→ **WORK TASK**: Restate word for word the section of the entries that opens at the line containing "REPUBLIKA.CO.ID, JAKARTA -- Penumpang" and closes at the line containing "122. Жолаушылар таситын", both lines kept, pictures dropped.
---- RECORDED INFORMATION
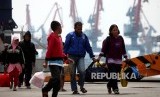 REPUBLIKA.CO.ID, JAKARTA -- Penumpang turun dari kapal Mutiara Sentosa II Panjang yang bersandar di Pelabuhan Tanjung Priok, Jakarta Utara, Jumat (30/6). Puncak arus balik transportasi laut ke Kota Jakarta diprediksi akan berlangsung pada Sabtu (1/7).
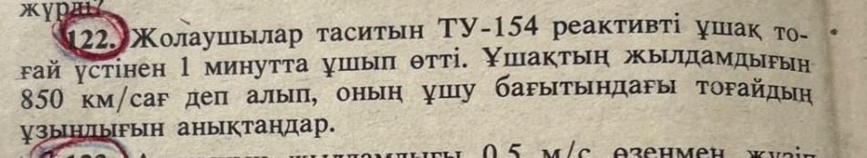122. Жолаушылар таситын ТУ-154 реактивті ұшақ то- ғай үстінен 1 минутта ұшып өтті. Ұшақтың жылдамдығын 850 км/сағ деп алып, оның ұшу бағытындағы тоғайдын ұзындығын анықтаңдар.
--------
---- RECORDED INFORMATION
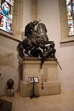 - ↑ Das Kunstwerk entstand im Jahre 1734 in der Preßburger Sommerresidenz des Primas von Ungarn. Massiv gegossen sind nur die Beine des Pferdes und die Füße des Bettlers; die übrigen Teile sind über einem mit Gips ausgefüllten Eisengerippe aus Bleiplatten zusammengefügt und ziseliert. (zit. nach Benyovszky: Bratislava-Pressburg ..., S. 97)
--------
→ **EXPECTED ANSWER**:
 REPUBLIKA.CO.ID, JAKARTA -- Penumpang turun dari kapal Mutiara Sentosa II Panjang yang bersandar di Pelabuhan Tanjung Priok, Jakarta Utara, Jumat (30/6). Puncak arus balik transportasi laut ke Kota Jakarta diprediksi akan berlangsung pada Sabtu (1/7).
122. Жолаушылар таситын ТУ-154 реактивті ұшақ то- ғай үстінен 1 минутта ұшып өтті. Ұшақтың жылдамдығын 850 км/сағ деп алып, оның ұшу бағытындағы тоғайдын ұзындығын анықтаңдар.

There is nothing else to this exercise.